Lipidome and proteome of lipid droplets from the methylotrophic yeast Pichia pastoris.

Lipid droplets (LD) are the main depot of non-polar lipids in all eukaryotic cells. In the present study we describe isolation and characterization of LD from the industrial yeast Pichia pastoris. We designed and adapted an isolation procedure which allowed us to obtain this subcellular fraction at high purity as judged by quality control using appropriate marker proteins.

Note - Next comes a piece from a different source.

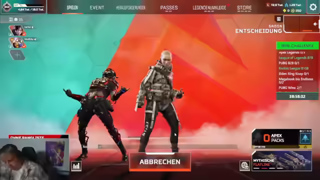 11:53:16Während des Apex Legends Spiels äußert sich der Streamer über das Verhalten seiner Mitspieler, insbesondere Morag und Haji, die seiner Meinung nach zu wenig interagieren und wie Mumien wirken. Er fordert sie auf, aktiver am Spiel teilzunehmen und miteinander zu reden. Er scherzt darüber, Fotos von ihnen nebeneinander zu stellen, da sie wie Mumien aussehen würden. Trotz kleinerer Meinungsverschiedenheiten betont er, dass Gesundheit das Wichtigste sei, gefolgt von SCORB SAD SHOT. Der Streamer erinnert sich an einen PUBG-Sieg zuvor und bedauert das knappe Verfehlen eines Back-to-Back-Sieges, was eine Pause ermöglicht hätte. Er reflektiert humorvoll über seine eigene Erscheinung und die seiner Mitspieler, während er sich auf das Spiel konzentriert. Es folgen hitzige Gefechte im Spiel, bei denen er seine Teamkollegen anfeuert und Anweisungen gibt. Er kommentiert das aggressive Vorgehen eines Spielers und lobt dessen Fähigkeiten, während er gleichzeitig seine eigene Strategie anpasst und versucht, das Team zum Sieg zu führen. Er betont die Wichtigkeit von Teamwork und gibt taktische Anweisungen, um die Gegner auszumanövrieren und die Oberhand zu gewinnen. Der Streamer gibt zu, dass er sich überfordert fühlt und kurz davor war, seinen Monitor nach Geildorf zu werfen, als er während eines Kampfes abgelenkt wurde.

Components of P. pastoris LD were characterized by conventional biochemical methods of lipid and protein analysis, but also by a lipidome and proteome approach. Our results show several distinct features of LD from P. pastoris especially in comparison to Saccharomyces cerevisiae. P. pastoris LD are characterized by their high preponderance of triacylglycerols over steryl esters in the core of the organelle, the high degree of fatty acid (poly)unsaturation and the high amount of ergosterol precursors. The high phosphatidylinositol to phosphatidylserine of ~7.5 ratio on the surface membrane of LD is noteworthy. Proteome analysis revealed equipment of the organelle with a small but typical set of proteins which includes enzymes of sterol biosynthesis, fatty acid activation, phosphatidic acid synthesis and non-polar lipid hydrolysis. These results are the basis for a better understanding of P. pastoris lipid metabolism and lipid storage and may be helpful for manipulating cell biological and/or biotechnological processes in this yeast.